Teoriye göre, kullanılan prosedürler tarafların sahip oldukları kontrolün derecesine göre değişebilmektedir. Taraflara süreç kontrolü sağlayan prosedürler bu kontrolü sağlamayan prosedürlere göre, tüm tarafları daha fazla tatmin etmektedir. Bunların sonucunda alınan kararlar daha adil olarak algılanmakta ve sonuç taraflar açısından daha kolay kabul edilmektedir (Greenberg:1987:14).

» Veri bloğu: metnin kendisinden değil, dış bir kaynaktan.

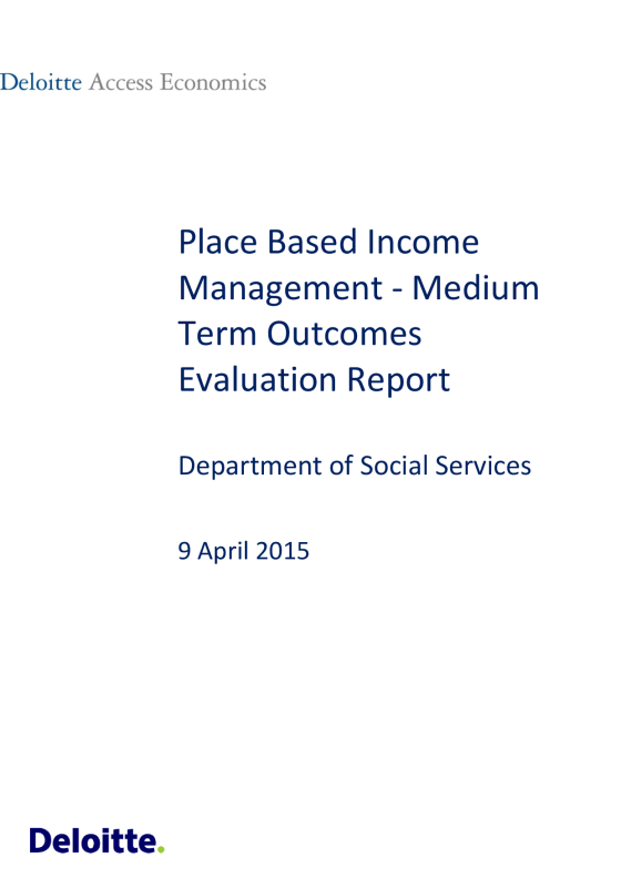 This document is the third Deloitte Access Economics evaluation report to be delivered to the Department of Social Services (DSS) as part of the evaluation of Place Based Income Management (PBIM). It includes findings pertaining to medium-term outcomes of PBIM for customers and stakeholders who have been involved with the measure.

2.3.4. Proaktif Süreç Teorileri

Dağıtım davranışına genel bir model oluşturmayı hedefleyen bu teori, Leventhal‘ ın Adalet Yargı Teorisi‘nin geliştirilmiş şeklidir ve dağıtım kararlarından çok prosedürlerle ilgili kararlara uygulandığından, proaktif-süreç teorileri kategorisinde yer almaktadır.

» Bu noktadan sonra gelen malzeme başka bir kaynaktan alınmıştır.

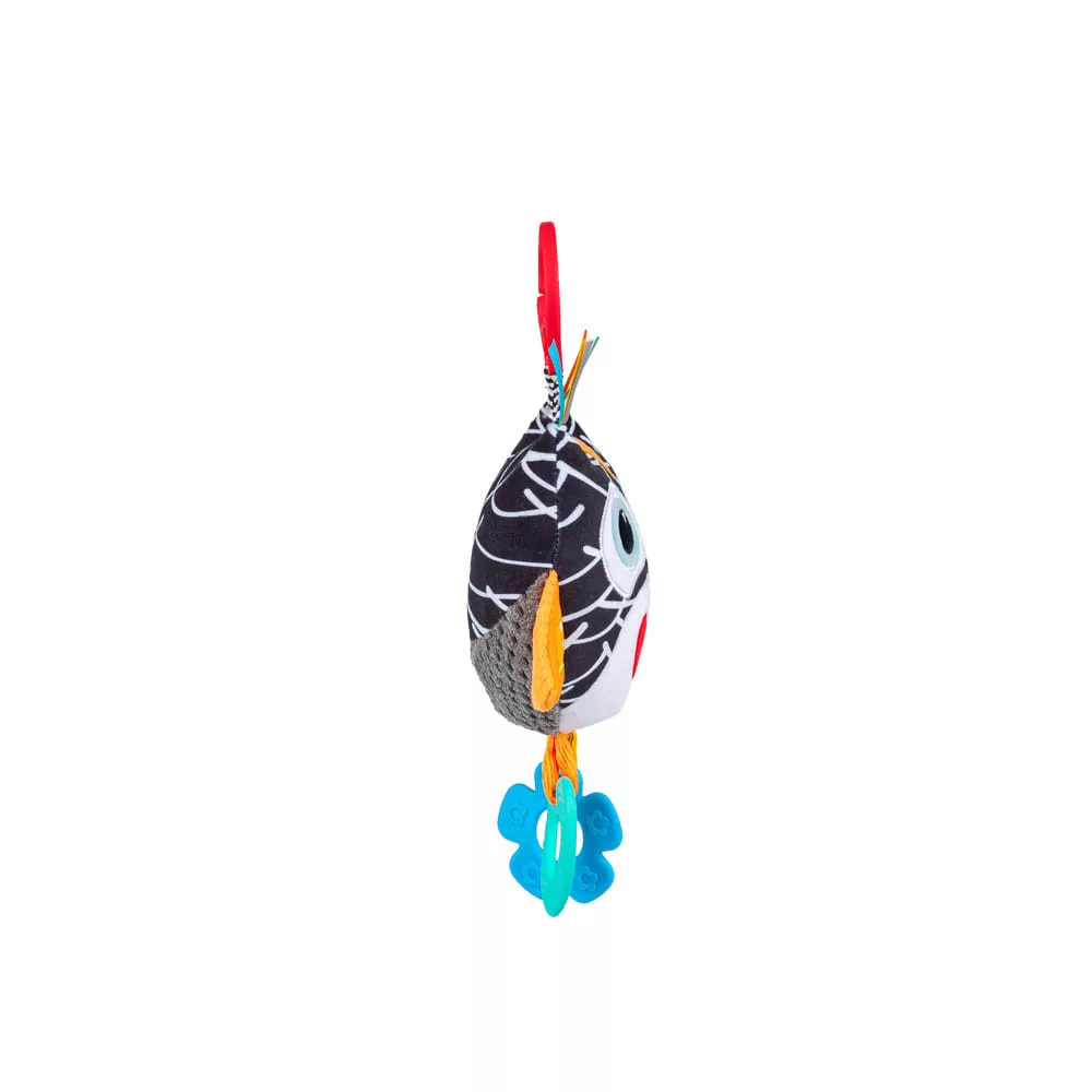 A bagoly formájú játék igazi dísze lesz bármely babakocsinak, vagy ágynak egy újszülött számára. A bagoly különböző textúrájú anyagokból készült, amelyek hozzájárulnak a babafejlődéséhez, és pozitívan befolyásolják a kognitív képességeinek fejlődését. A játékhoz két fogzási fájdalmakat enyhítő rágóka tartozik, amelyek megnyugtatja a baba fájós ínyét a fogzáskor. A praktikus karika lehetővé teszi, hogy a baglyot bárhova felakaszthassa. A termék újszülött kortól használható

Teori, dağıtım kararlarından çok, yaygın olarak prosedürlerle ilgili kararlara uygulandığından "proaktif süreç teorileri" kategorisinde yer almıştır.

Taraflar arasındaki anlaşmazlığın çözümünde kullanılan prosedürleri inceleyen reaktif-süreç teorilerinin aksine proaktif reaktif-süreç teorileri “dağıtım prosedürleri” ne odaklanmıştır.

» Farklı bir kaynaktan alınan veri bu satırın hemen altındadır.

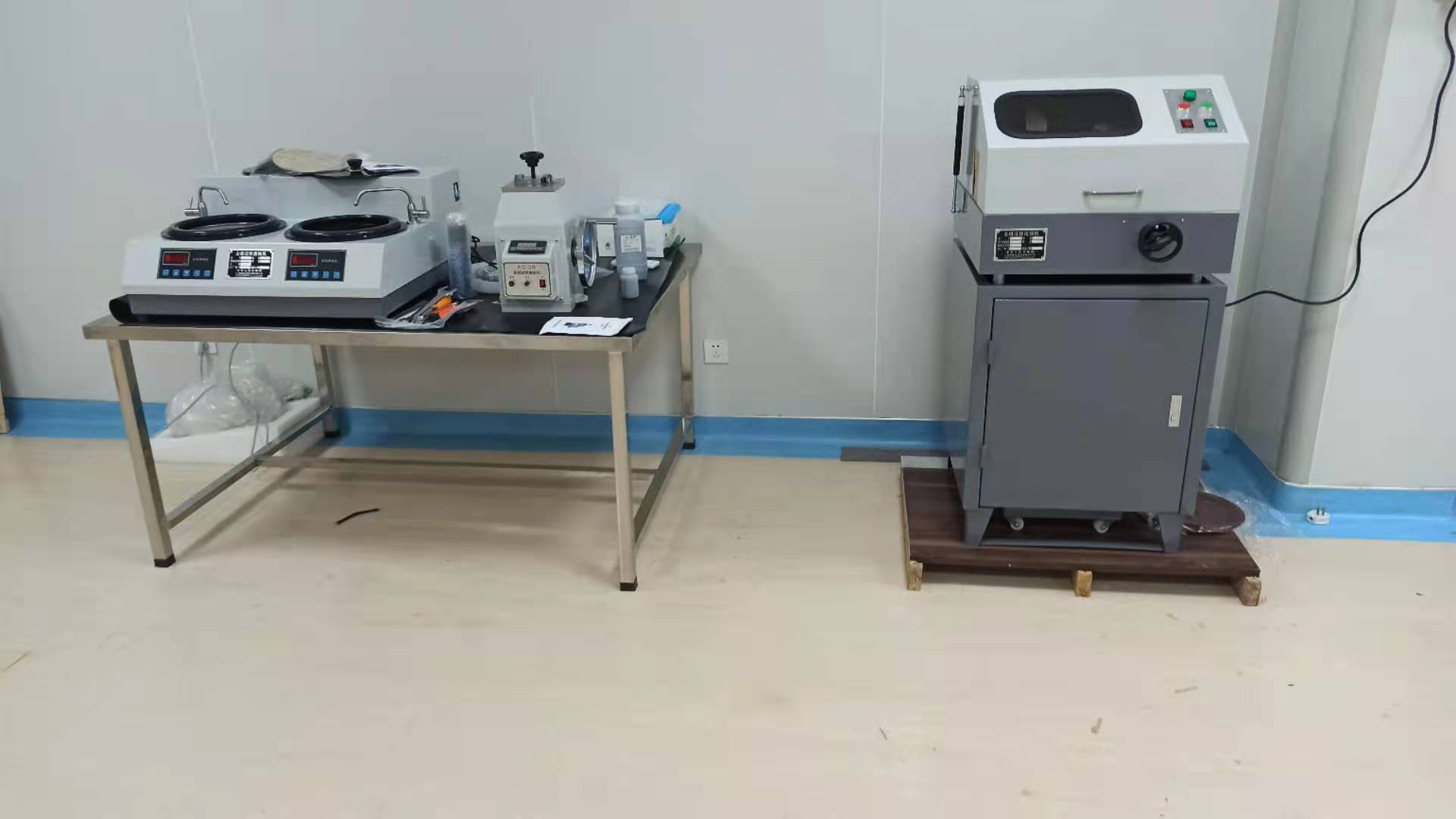 駝人集團現(xiàn)場調(diào)試金相顯微鏡DMM-200C,金相試樣切割機QG-3A,金相試樣磨拋機YMP-2,金相試樣鑲嵌機XQ-1。

Bu teoriler kişilerin adil uygulamaları gerçekleştirilebilmesi için hangi prosedürleri kullanması gerektiği konusuna odaklanmışlardır. Teorisyenler Adalet sağlamaya yardımcı olabilecek prosedürlerin sekiz özelliğinden bahsetmektedirler. Bu özellikler;

* Bireylere karar verenleri seçme olanağı sağlamak,

* Tutarlı kurallara dayanmak,

* Doğru bilgiye dayalı olmak,

* Karar verme gücünün yapısını tanımak,

* Bireyleri önyargıya karşı koruyor olmak,

* Bireylerin bilgi almasını sağlamak,

48 * Yaygın ahlaki ve etik standartlara dayanmaktır.

Teoriler incelendiğinde hepsi olmasa da birçoğunun Eşitlik Teorisinden esinlendiği, reaktif-içerik yaklaşımlarına olan ilginin ise gittikçe azaldığı gözlenmektedir. Dikkat çeken bir başka konu ise, araştırmacılar çalışanların eşit olmayan paylaşıma nasıl tepki gösterdiklerinden ziyade, eşit paylaşımı sağlamak için nasıl davrandıklarının araştırıldığının görülmesidir (Chan, 2000:15).